Werkwijze en activiteiten

 
Niet alle kinderen durven te spreken in de kring. Vertellen in de kring is niet nodig om goed te kunnen functioneren in de klas. Het is wel fijn als je het durft. Daarom oefenen we het als het haalbaar lijkt. Als u aan ziet komen dat dit een onhaalbaar doel is, wordt deze stap vereenvoudigd of overgeslagen.

Oefenen

Eigenlijk verschilt deze stap niet zoveel van de vorige. Als de kringopdracht heel gestructureerd is, is het niet anders dan een vraag beantwoorden in de klas.

In veel klassen vertellen kinderen in de kring als ze iets leuks beleefd hebben. Bij de tips vindt u wat suggesties.

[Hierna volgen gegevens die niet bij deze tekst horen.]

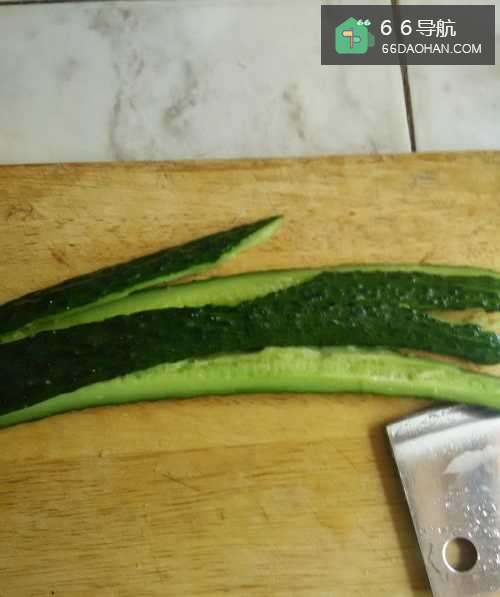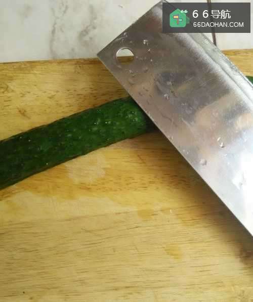 3把黄瓜平放在菜板上,用刀先拍右端。

Vaak wordt het makkelijker wanneer kinderen zich erop kunnen voorbereiden.

Het Luiderslot

De geluidenspel uit het Luiderslot kan thuis of op school met een klasgenootje gespeeld worden.

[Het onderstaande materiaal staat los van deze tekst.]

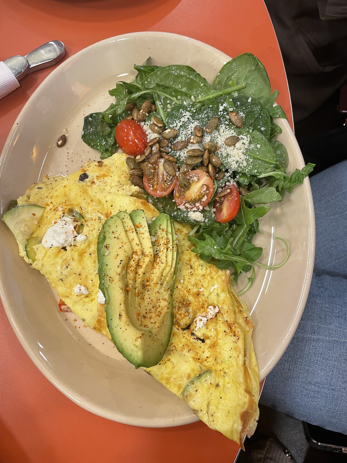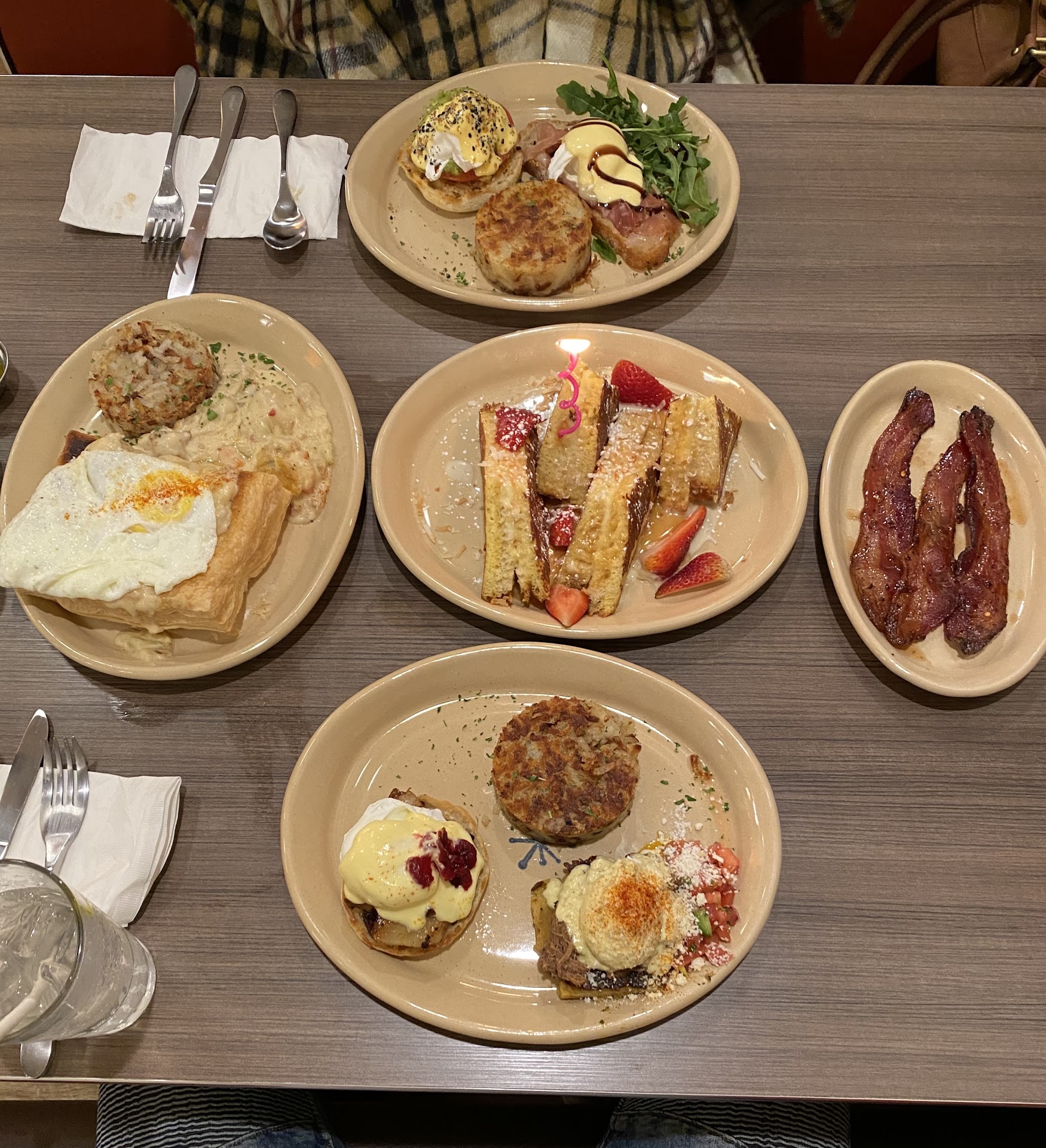 Our poor waitress offered us a free pancake coupon but we left it with our payment because we...
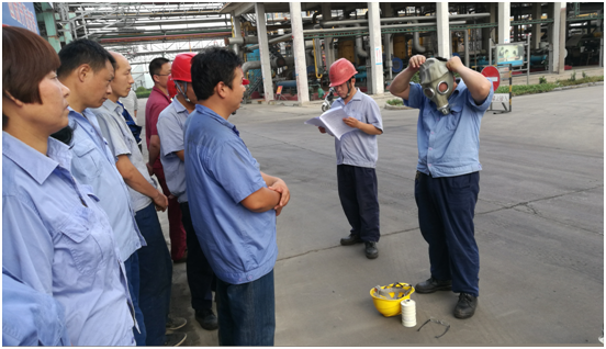 首先由安全员陈雷详细了介绍本次演练的课题和演练内容,随后讲解和亲自示范消防水带、过滤式防毒面具、干粉灭火器的具体使用方法和维护保养以及出现煤气中毒的正确施救和人工呼吸及心脏挤压等急救措施。

Overgang naar de volgende verdieping van het Luiderslot als:

Met welke stap ga je verder?

 

Tips

Vertellen over een voorwerp

Het kind neemt iets mee van thuis en kan met ouders voorbereiden wat je erover zou kunnen vertellen. Veel kinderen zijn snel uitverteld. Vaak is uitleggen hoe iets werkt (bijvoorbeeld stuk speelgoed of een spelletje) wat makkelijker voor kinderen, vooral als ze er zelf veel vanaf weten. Kort vertellen is ook heel goed. In feite is één zin genoeg.

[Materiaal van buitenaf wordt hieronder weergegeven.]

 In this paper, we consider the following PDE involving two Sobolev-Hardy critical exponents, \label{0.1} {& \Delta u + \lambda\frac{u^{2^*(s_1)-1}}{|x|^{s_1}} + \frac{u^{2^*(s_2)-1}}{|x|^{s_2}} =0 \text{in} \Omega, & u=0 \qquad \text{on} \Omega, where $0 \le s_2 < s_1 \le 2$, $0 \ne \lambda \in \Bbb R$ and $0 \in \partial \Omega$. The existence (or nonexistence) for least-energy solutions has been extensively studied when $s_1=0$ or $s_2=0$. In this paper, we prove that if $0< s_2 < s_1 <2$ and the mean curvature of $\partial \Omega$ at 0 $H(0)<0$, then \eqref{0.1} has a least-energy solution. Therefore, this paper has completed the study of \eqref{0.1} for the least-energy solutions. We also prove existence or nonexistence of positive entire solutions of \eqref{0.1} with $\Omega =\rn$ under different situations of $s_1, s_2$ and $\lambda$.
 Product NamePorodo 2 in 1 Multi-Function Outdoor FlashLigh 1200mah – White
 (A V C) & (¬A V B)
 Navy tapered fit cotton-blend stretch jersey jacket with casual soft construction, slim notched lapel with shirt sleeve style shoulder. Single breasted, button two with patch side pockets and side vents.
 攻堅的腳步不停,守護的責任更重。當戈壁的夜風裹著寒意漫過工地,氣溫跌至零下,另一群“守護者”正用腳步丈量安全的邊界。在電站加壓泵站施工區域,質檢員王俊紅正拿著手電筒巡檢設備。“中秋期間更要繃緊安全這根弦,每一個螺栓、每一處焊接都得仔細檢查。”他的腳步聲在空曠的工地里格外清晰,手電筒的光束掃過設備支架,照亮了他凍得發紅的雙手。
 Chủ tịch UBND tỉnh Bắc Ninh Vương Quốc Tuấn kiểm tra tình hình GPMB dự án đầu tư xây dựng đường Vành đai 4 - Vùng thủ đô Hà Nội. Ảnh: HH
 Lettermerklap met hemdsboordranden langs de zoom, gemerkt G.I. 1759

Vertellen aan de hand van foto’s of plaatjes

Kinderen kunnen samen met een klasgenootje of met de leerkracht vertellen aan de hand van plaatjes in een prentenboek. Bij iedere bladzijde vertelt een van beide iets. Vakantiefoto’s kunnen helpen om te vertellen wat een leerling beleefd heeft. Ouders kunnen helpen een paar foto’s uit te zoeken (niet teveel!) en het voor te bereiden.

Vragen stellen

Juf Dienke deed het zo: in de kring werd een vertelkikker doorgegeven. Het kind die de kikker had mocht vertellen over het weekend. Als het kind was uitverteld, gaf hij de kikker door. Juf Dienke hield de tijd bij en gaf ieder kind maximaal een minuut. Als een kind niets wist te vertellen, mochten de andere kinderen vragen stellen. Na minimaal één vraag mocht de leerling de vertelkikker doorgeven als hij niet meer verder wilde. Zo kwam ieder kind even aan bod. Verlegen kinderen beantwoordden minimaal één vraag maar konden vervolgens zelf hun beurt ook snel weer beëindigen. De andere kinderen leerden om elkaar vragen te stellen.